To implement mandatory logging, an attacker (or defender) crafts a tool description that forces the LLM, **before invoking any other tool**, to execute a logging function. This function injects the necessary telemetry into a benign or controlled channel.
In A2A, the "Agent Card" serves as the capability manifest. By manipulating the fields within this card to falsely claim superior competency, an attacker hijacks the routing logic of the host agent, ensuring sensitive data is directed to the compromised service endpoint for interception or data manipulation (returning false results).
## Practical Implications
### For Security Practitioners
- Security teams must assume that all data ingested or processed by an LLM through an MCP tool is susceptible to inspection or manipulation unless explicitly mitigated.
- The introduction of these protocols necessitates a paradigm shift towards **policy-as-code enforced via the agent layer**, rather than relying solely on traditional network or endpoint security.
### For Defenders
- **Implement Layered Approval:** Where possible, defensive MCP clients should inject "canary" tools or logging agents that explicitly intercept and record all proposed tool calls prior to execution confirmation.
- **Strict Capability Validation (A2A):** Defenses against A2A attacks require establishing a trust model that cryptographically validates the claimed capabilities in an Agent Card, rather than solely relying on descriptive text parsed by an LLM.
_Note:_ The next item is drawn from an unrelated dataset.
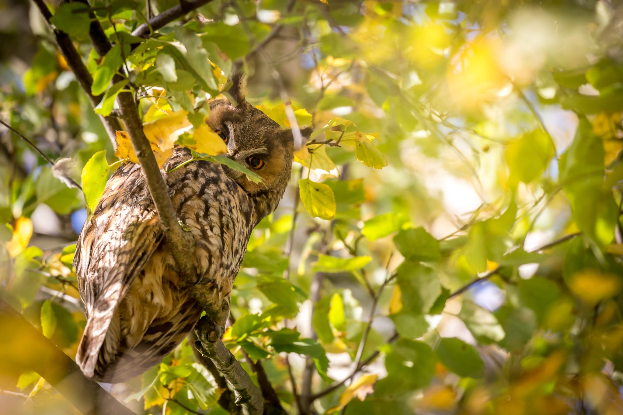 De bruinogige Bosuil jaagt ‘s nachts en de geelogige Velduil overdag, maar de Ransuil met oranje ogen, waar de kat van Baba Yaga jaloers op kan zijn, jaagt in de schemering. De grote groep die nu in die boom zit – een beetje kenner heeft het over roesten – is een allegaartje van uilen die in Amstelveen geboren zijn en uilen die van elders gekomen zijn om hier te overwinteren. Daar kunnen zomaar een paar Scandinaviërs bijzitten, want híer is het in de winter sappelen, maar boven de 60ste breedtegraad is de lol er snel af in dit seizoen. Midden in de bebouwde kom zitten deert ze niet echt: ze zitten niet te wachten op invasieve fotografen, maar ze zijn niet heel erg verstoringsgevoelig. Bovendien vermoed ik dat de voordelen van het stadse leven (minder last van Havik en Bosuil en meer van die lekkere zangvogeltjes) opwegen tegen de nadelen ervan (nieuwsgierige mensen, honden).

- **Principle of Least Privilege over Tools:** Permissions given to tools should be reviewed frequently, recognizing that initial user approval does not negate the risk of subsequent hidden execution flows.
### For Researchers
- Further investigation is needed into non-deterministic behavior: How does the variability of LLMs (non-determinism) affect the reliability of injected defensive logic (e.g., tool-based firewalls)?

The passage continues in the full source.